* What the task requires *
Take the line containing "這是在藏北班公湖捕撈豐富的魚(yú)類資源(唐召明1996年攝)" and each line after it through the end of the data below, and return them exactly, minus any pictures.

(Dataset content Opens)

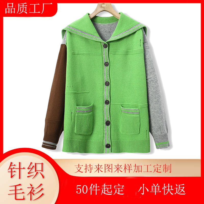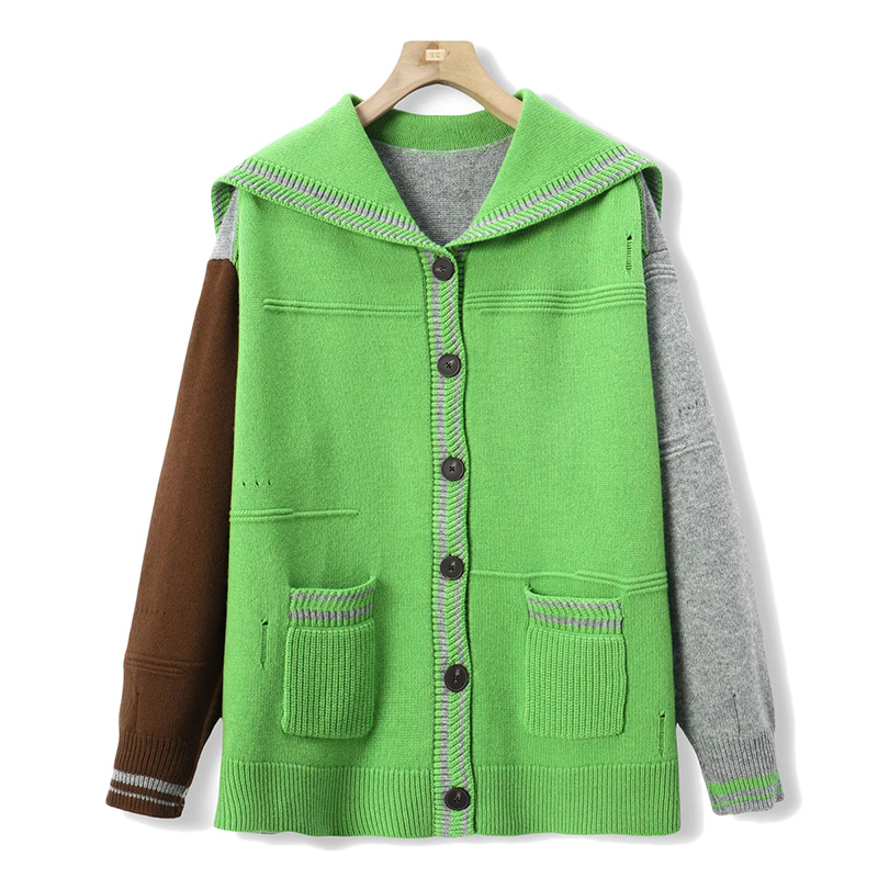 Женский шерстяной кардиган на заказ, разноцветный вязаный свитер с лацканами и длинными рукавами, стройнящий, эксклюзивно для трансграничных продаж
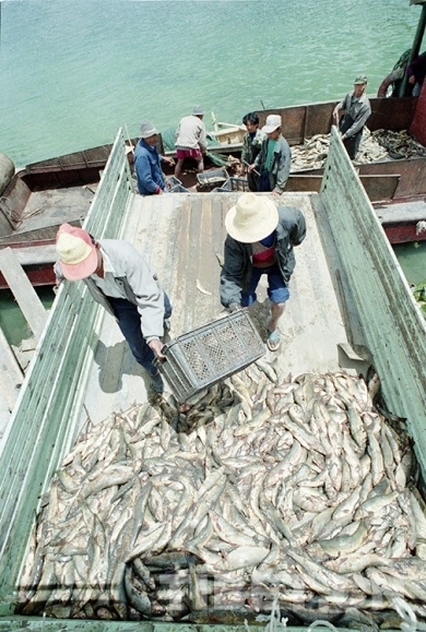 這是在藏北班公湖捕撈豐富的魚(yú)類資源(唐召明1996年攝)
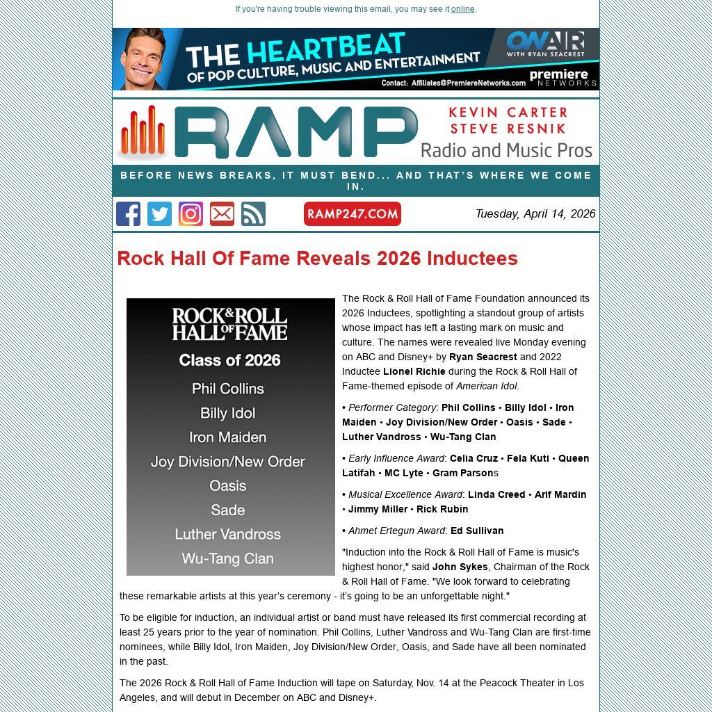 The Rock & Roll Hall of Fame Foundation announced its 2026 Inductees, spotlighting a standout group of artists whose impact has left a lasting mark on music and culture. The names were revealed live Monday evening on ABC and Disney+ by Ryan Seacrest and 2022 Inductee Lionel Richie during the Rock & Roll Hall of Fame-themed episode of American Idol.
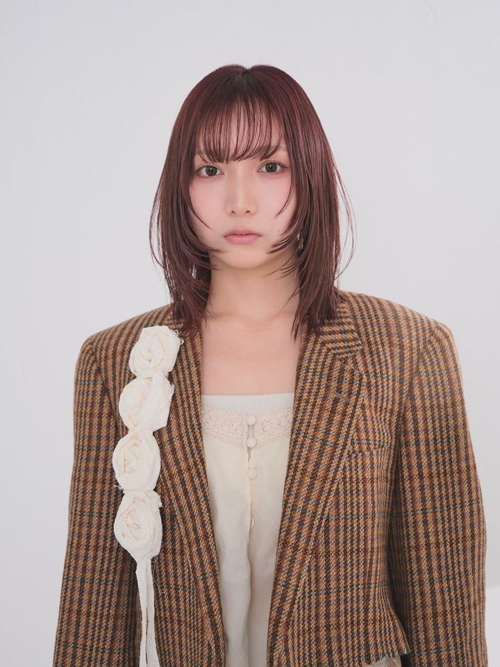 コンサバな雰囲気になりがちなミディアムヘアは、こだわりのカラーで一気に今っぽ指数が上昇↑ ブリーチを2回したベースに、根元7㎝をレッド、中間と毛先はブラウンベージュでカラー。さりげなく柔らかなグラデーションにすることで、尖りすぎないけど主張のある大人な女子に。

(Dataset content Closes)

* Output *
 這是在藏北班公湖捕撈豐富的魚(yú)類資源(唐召明1996年攝)
 The Rock & Roll Hall of Fame Foundation announced its 2026 Inductees, spotlighting a standout group of artists whose impact has left a lasting mark on music and culture. The names were revealed live Monday evening on ABC and Disney+ by Ryan Seacrest and 2022 Inductee Lionel Richie during the Rock & Roll Hall of Fame-themed episode of American Idol.
 コンサバな雰囲気になりがちなミディアムヘアは、こだわりのカラーで一気に今っぽ指数が上昇↑ ブリーチを2回したベースに、根元7㎝をレッド、中間と毛先はブラウンベージュでカラー。さりげなく柔らかなグラデーションにすることで、尖りすぎないけど主張のある大人な女子に。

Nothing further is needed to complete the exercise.